▸ **MATERIAL PROVIDED**:
------
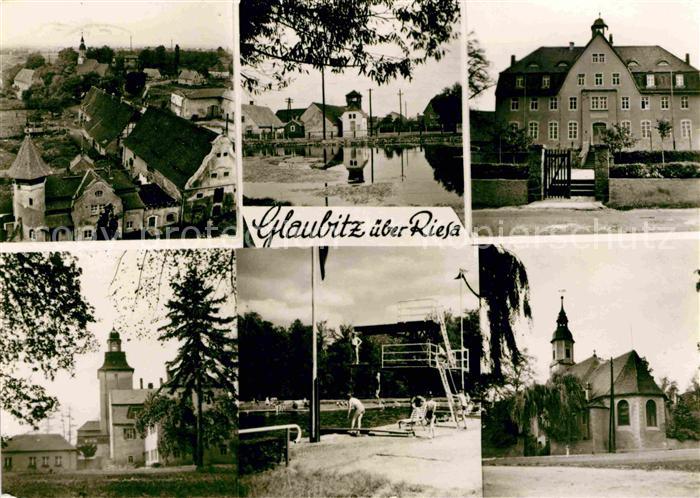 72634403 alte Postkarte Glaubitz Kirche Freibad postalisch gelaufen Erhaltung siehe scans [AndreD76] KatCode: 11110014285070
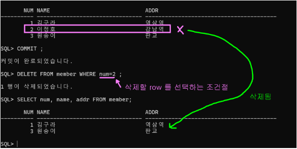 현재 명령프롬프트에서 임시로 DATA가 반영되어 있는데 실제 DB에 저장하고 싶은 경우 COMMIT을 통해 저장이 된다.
------
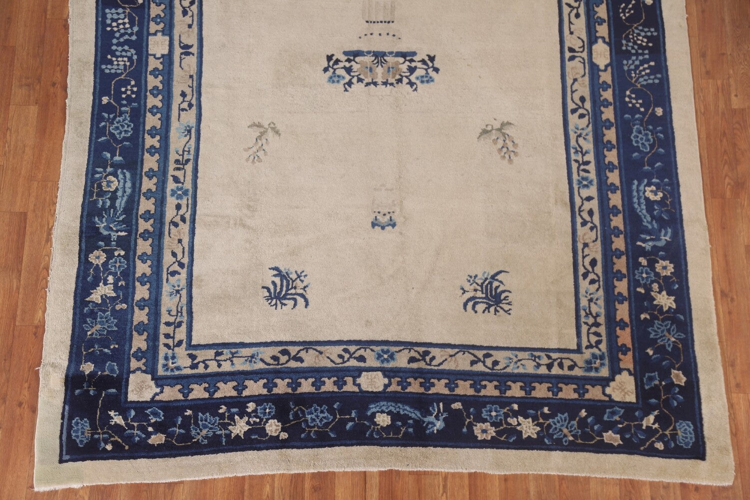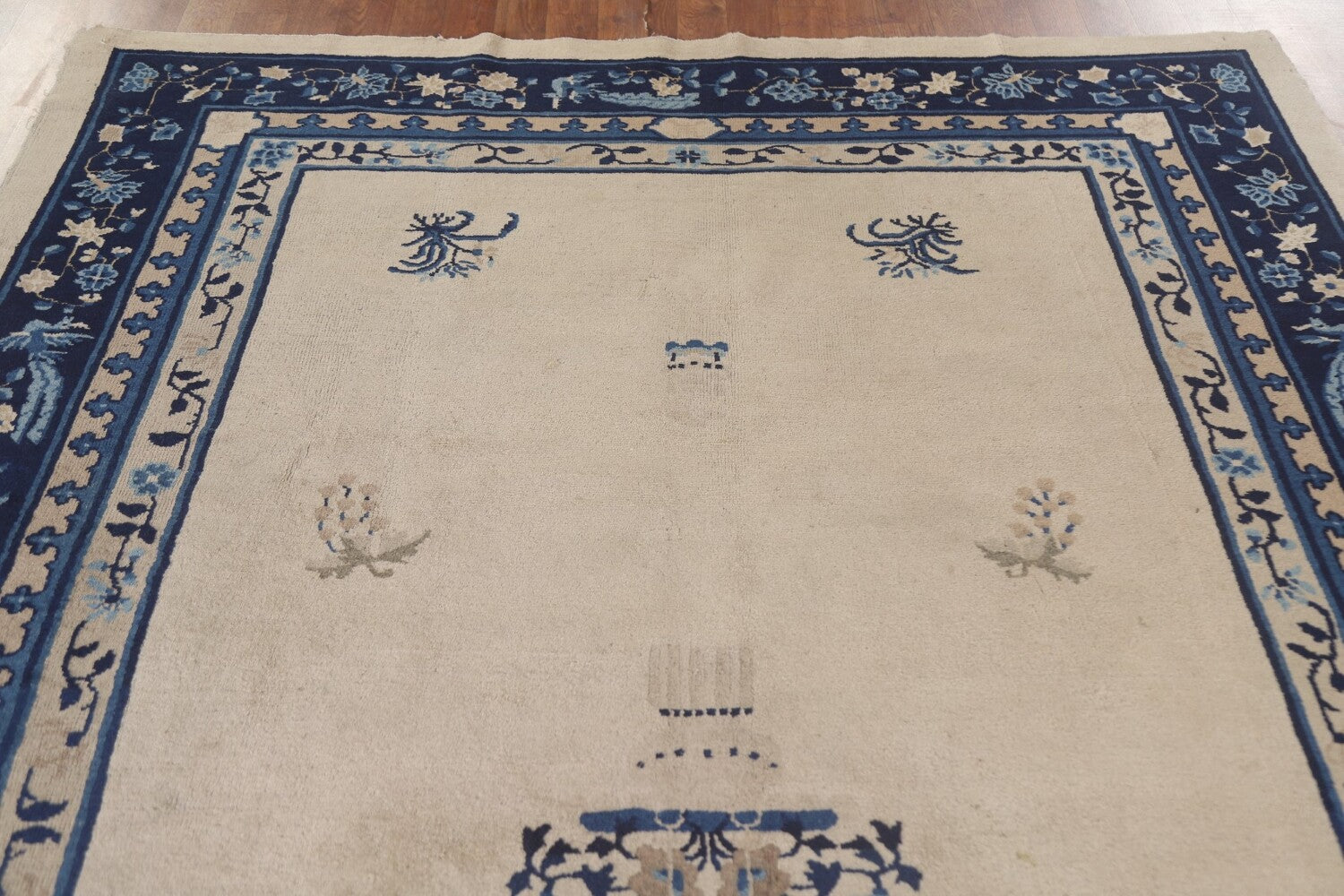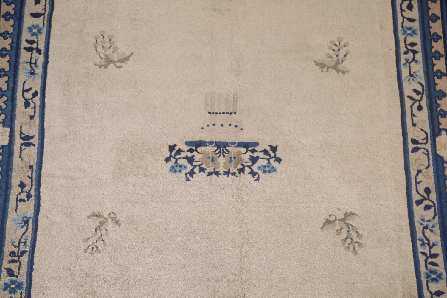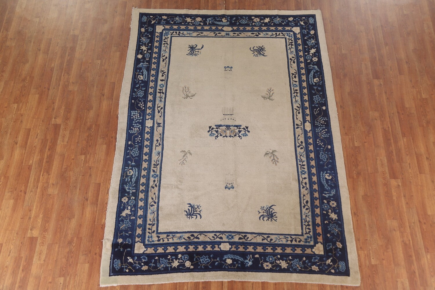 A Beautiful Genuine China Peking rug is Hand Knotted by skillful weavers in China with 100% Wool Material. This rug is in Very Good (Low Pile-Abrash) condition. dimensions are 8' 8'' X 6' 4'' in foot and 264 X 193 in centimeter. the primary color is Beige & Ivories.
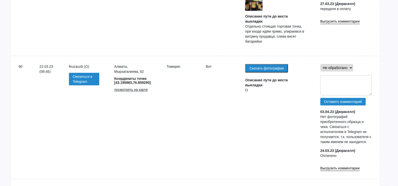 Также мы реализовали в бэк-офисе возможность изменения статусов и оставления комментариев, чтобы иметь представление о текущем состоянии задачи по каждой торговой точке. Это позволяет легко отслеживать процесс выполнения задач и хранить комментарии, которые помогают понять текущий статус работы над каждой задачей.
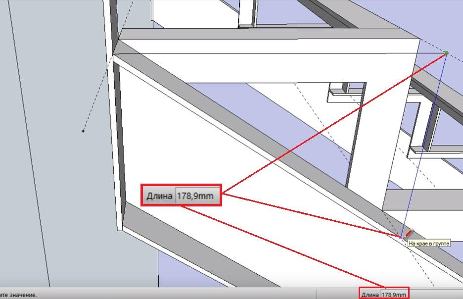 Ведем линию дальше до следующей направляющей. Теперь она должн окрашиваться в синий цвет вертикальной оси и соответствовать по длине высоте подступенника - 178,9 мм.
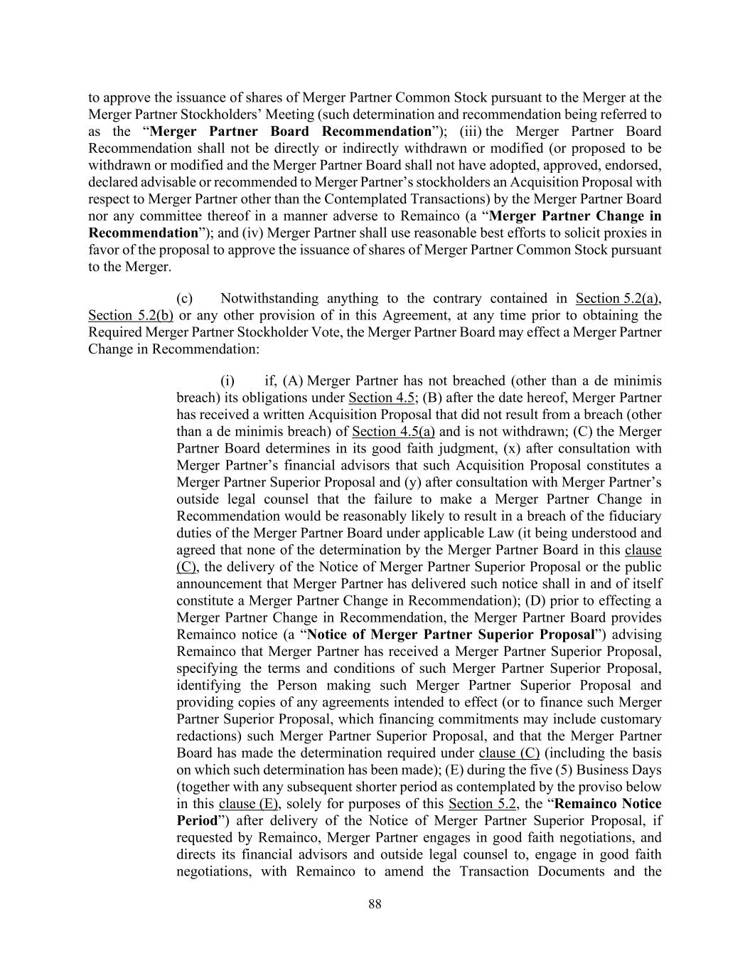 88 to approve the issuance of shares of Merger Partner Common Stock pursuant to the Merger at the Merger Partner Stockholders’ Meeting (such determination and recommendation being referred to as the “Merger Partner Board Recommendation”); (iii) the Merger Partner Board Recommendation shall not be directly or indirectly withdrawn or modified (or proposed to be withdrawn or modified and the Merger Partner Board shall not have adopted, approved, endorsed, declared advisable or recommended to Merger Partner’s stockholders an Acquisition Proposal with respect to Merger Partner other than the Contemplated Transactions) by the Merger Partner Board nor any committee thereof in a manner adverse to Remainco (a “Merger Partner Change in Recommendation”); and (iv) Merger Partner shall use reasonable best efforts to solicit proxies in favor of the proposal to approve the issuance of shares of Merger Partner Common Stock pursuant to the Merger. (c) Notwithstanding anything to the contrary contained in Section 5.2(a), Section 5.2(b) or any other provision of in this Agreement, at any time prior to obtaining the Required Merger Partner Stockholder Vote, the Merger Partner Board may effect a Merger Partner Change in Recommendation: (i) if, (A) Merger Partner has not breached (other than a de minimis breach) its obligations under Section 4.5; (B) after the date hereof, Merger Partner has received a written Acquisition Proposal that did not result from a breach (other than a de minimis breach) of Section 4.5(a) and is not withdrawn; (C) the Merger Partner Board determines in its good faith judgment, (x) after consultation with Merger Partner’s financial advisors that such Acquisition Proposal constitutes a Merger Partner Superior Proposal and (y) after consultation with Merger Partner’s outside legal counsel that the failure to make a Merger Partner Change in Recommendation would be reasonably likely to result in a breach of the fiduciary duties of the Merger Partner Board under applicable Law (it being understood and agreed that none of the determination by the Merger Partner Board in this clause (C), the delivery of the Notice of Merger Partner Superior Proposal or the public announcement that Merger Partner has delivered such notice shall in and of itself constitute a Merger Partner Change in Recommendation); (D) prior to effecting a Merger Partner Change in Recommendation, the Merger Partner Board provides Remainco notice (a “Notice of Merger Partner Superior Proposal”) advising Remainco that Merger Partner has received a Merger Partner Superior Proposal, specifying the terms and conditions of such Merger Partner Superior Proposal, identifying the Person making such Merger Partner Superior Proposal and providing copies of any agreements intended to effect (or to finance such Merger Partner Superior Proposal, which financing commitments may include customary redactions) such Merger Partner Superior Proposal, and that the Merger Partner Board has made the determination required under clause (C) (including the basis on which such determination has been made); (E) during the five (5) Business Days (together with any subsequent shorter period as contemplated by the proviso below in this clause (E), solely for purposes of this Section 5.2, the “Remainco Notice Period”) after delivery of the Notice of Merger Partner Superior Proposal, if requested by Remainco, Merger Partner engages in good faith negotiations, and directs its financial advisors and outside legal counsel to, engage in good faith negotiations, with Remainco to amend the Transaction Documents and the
------
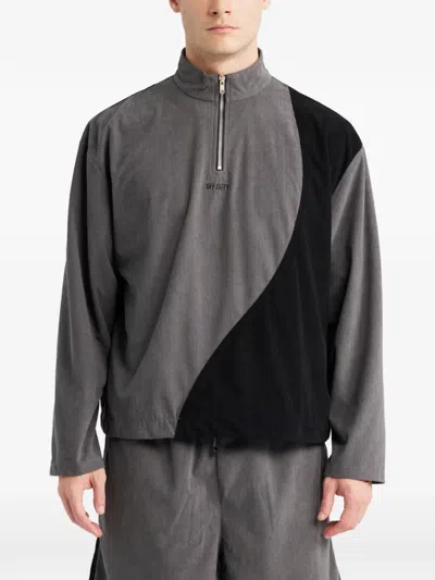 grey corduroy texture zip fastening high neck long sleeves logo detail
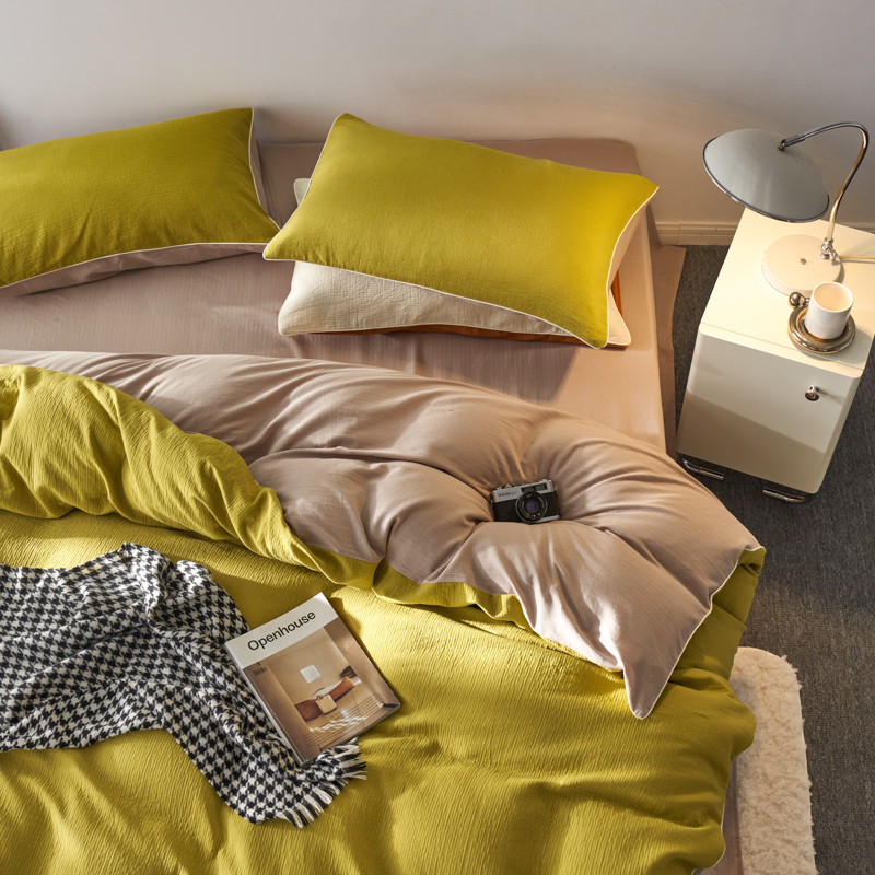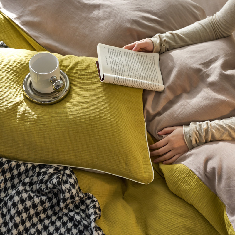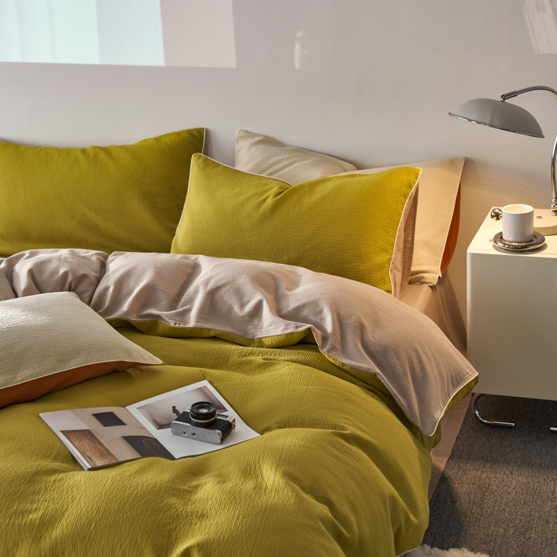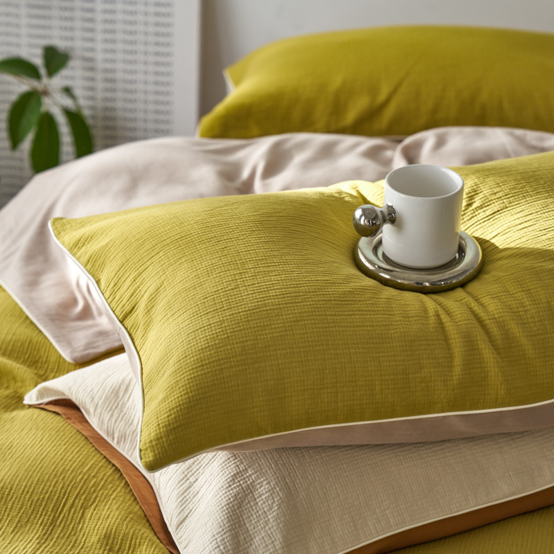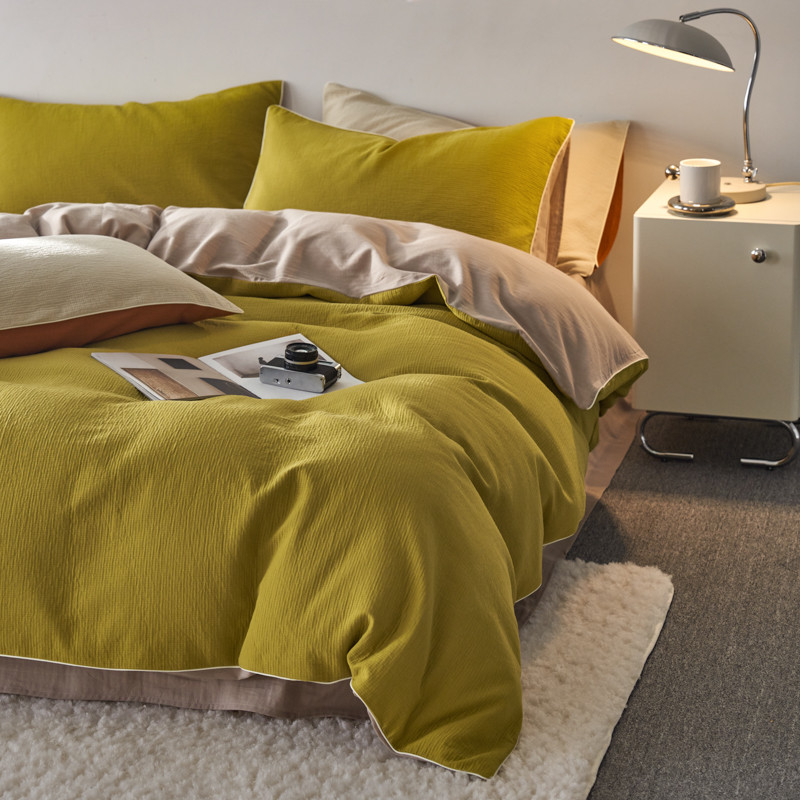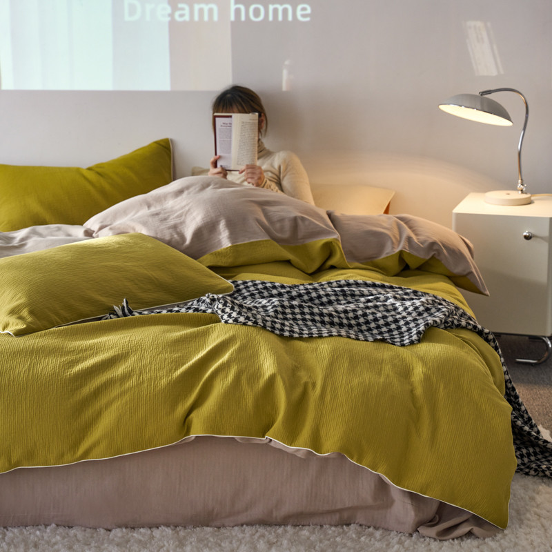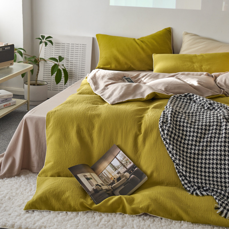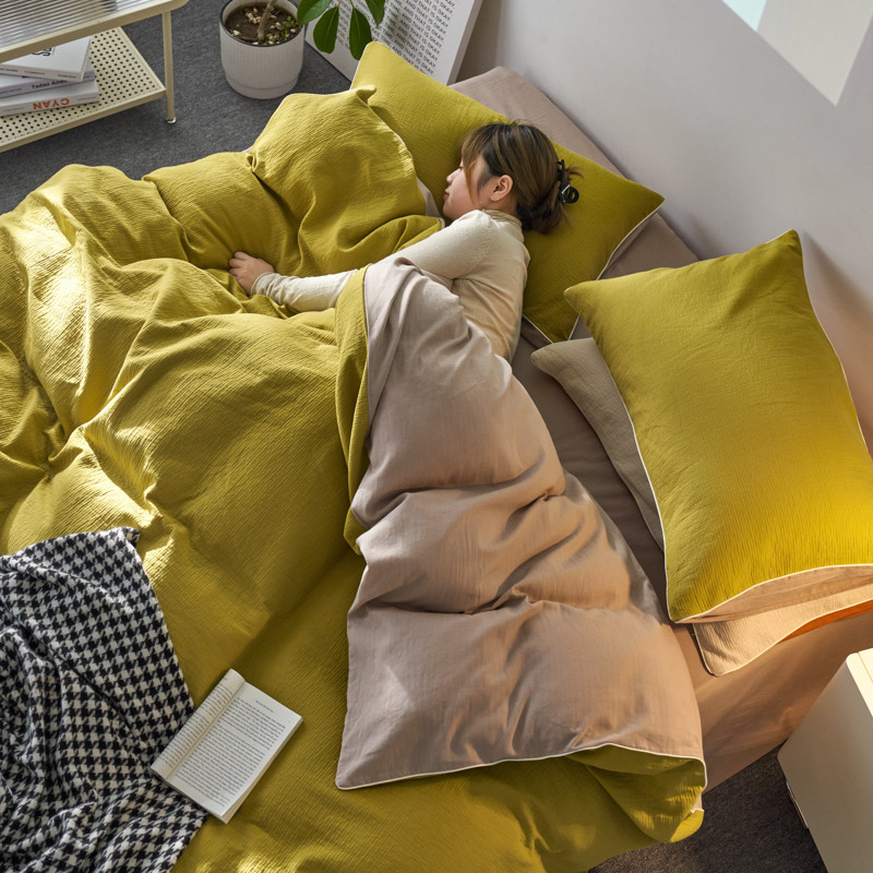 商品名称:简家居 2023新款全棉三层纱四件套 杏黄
------
Although the records above contain pictures, the copy should not; retype exactly the lines from the one containing "grey corduroy texture" through the one containing "商品名称:简家居 2023新款全棉三层纱四件套 杏黄".

 grey corduroy texture zip fastening high neck long sleeves logo detail
 商品名称:简家居 2023新款全棉三层纱四件套 杏黄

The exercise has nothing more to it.